事例もテクノロジーも満載!NTT Com Forum 2014 第5回
NTT Comの現地法人が語るグローバル進出成功への鍵
若くて親日なベトナム!成功のコツはギャップを楽しむこと
2014年10月13日 09時00分更新
進出前に聞いたベトナムのいい話は本当か?
優秀な労働力、親日、リスクフリー、好立地、急成長など、さまざまなレポートでは、ベトナムのメリットばかりが強調される。しかし、ベトナムは課題も多い。鈴木氏は、こうしたリスクは事前に盛り込んでおくべきだと説明する。
まず通信品質があまり高くなく、1ヶ月で43分程度の故障が発生する可用性。中国、マレーシア、タイ、フィリピンに劣り、インドネシアやインドよりは優れているというレベルだ。「通信ケーブルの配線が雑だったり、架空されているケーブルに洗濯物が干されていたりする。やはり人為的な問題は大きい」(鈴木氏)。
また、国際回線の接続障害が大きいのも悩みどころ。ベトナムは陸揚げされている海底ケーブルの数自体が4本と少なく、しかも大容量のAAG(Asia American Gateway)に大きく依存している。そのため、AAGにトラブルが起こるとベトナムのインターネット全体に大きな影響が起こる。実際、2013年、2014年には連続してケーブルの切断事故が起こり、インターネット障害が発生。「海底ケーブルの断線に関しては、修理するまで手の打ち所がない」(鈴木氏)とのことだ。

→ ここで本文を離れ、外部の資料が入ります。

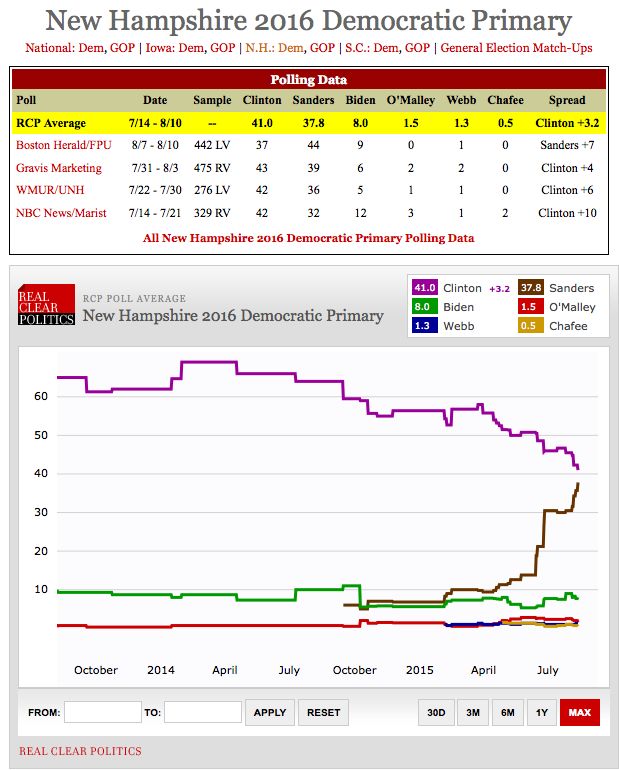 Bernie Sanders on the verge of tipping New Hampshire, leads Clinton in latest poll

電力インフラも万全とは言えない。需要に対する供給は追いついてきたものの、2013年5月には南部20州以上、隣国カンボジアのプノンペンまで含む大規模な停電が発生。完全復旧まで8時間かかった停電の原因は、樹木の移植作業を行なった際に、クレーンが持ち上げた樹木が送電線に接触したという事故で、電力システムの脆弱性が露呈されたという。

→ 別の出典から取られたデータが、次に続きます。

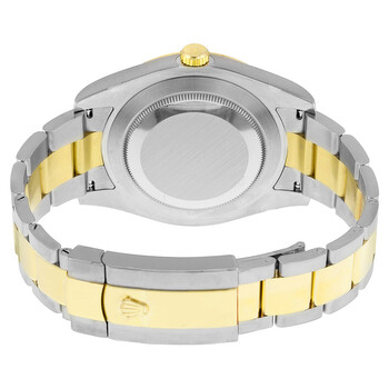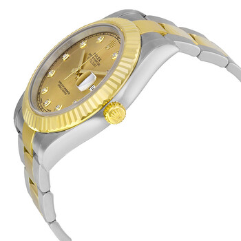 Stainless steel case with a two-tone (silver-tone and yellow gold-tone) stainless steel and 18kt yellow gold rolex oyster bracelet. Fixed fluted 18k yellow gold bezel. Champagne dial with yellow gold hands and diamond hour markers. Minute markers around the outer rim. Dial Type: Analog. Date display at the 3 o'clock position. Rolex Calibre 3136 automatic movement with a 48-hour power reserve. Scratch resistant sapphire crystal. Screw down crown. Solid case back. Case size: 41 mm. Case thickness: 12 mm. Round case shape. Band width: 20 mm. Oysterlock clasp. Water resistant at 100 meters / 330 feet. Functions: date, hour, minute, second, chronometer. Luxury watch style. Watch label: Swiss Made. Rolex Datejust II Champagne Dial Stainless Steel and 18K Yellow Gold Oyster Bracelet Automatic Men's Watch 116333CDO.

さらに人材面でも問題に直面する。鈴木氏は、「ベトナム人は情報共有文化が希薄なので、辞める時も引き継ぎをしない。横領や盗難、麻薬などに手を出す人もいるし、そもそも会社へのロイヤリティがないので、すぐ辞める」と指摘する。違法ソフトウェアの利用率も81%と、中国よりも高い。不正コピーで欧米企業から訴えられる例も起こっている。
“問題”ではなく“ギャップ”を埋める
そもそも日本人とベトナム人は資質も大きく異なる。ベトナム人から見て日本人は礼儀正しく、真面目で、几帳面だが、一方で働きすぎる、細かすぎる、融通が利かないというネガティブさも持ち合わせる。しかし、長所を裏返せば短所になるため、日本人はベトナム人から学ぶことも多い。鈴木氏は「両者にあるのは“問題”ではなく、“ギャップ”。相互のスタイルを尊重し、ネガティブポイントをカバーすることで乗り越えられる」と指摘する。

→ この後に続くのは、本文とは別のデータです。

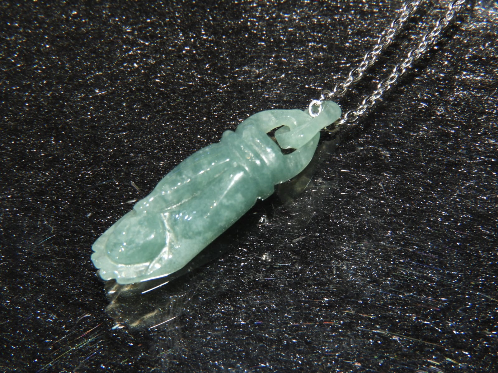 そんな貴重な翡翠を原石から削り取り、研磨をしてペンダントに作り替えました!

問題ではなくギャップ。ICTでカバーできることも多い
こうしたギャップを乗り越えるため、ITの利用価値は大きいという。たとえば、ベトナム人がすぐに辞めるのを前提に、情報をあらかじめドキュメント化しておく。作業の俗人化や賃金の高騰を前提に、ERPやワークフローを導入し、手作業を極力減らす。さらに脆弱なインフラ事情を補うべく、データセンターの活用やネットワークの冗長化などを進めるといった施策だ。
NTTコミュニケーションズでは13年に渡るベトナムでの実績を活かし、ギャップを解消するソリューションを提供するという。鈴木氏は、「ベトナム進出時からご相談いただき、拡大までお手伝いさせていただく。ベトナムだけではなく、アジアさらにはグローバルまでカバーできる」とアピールし、講演を締めた。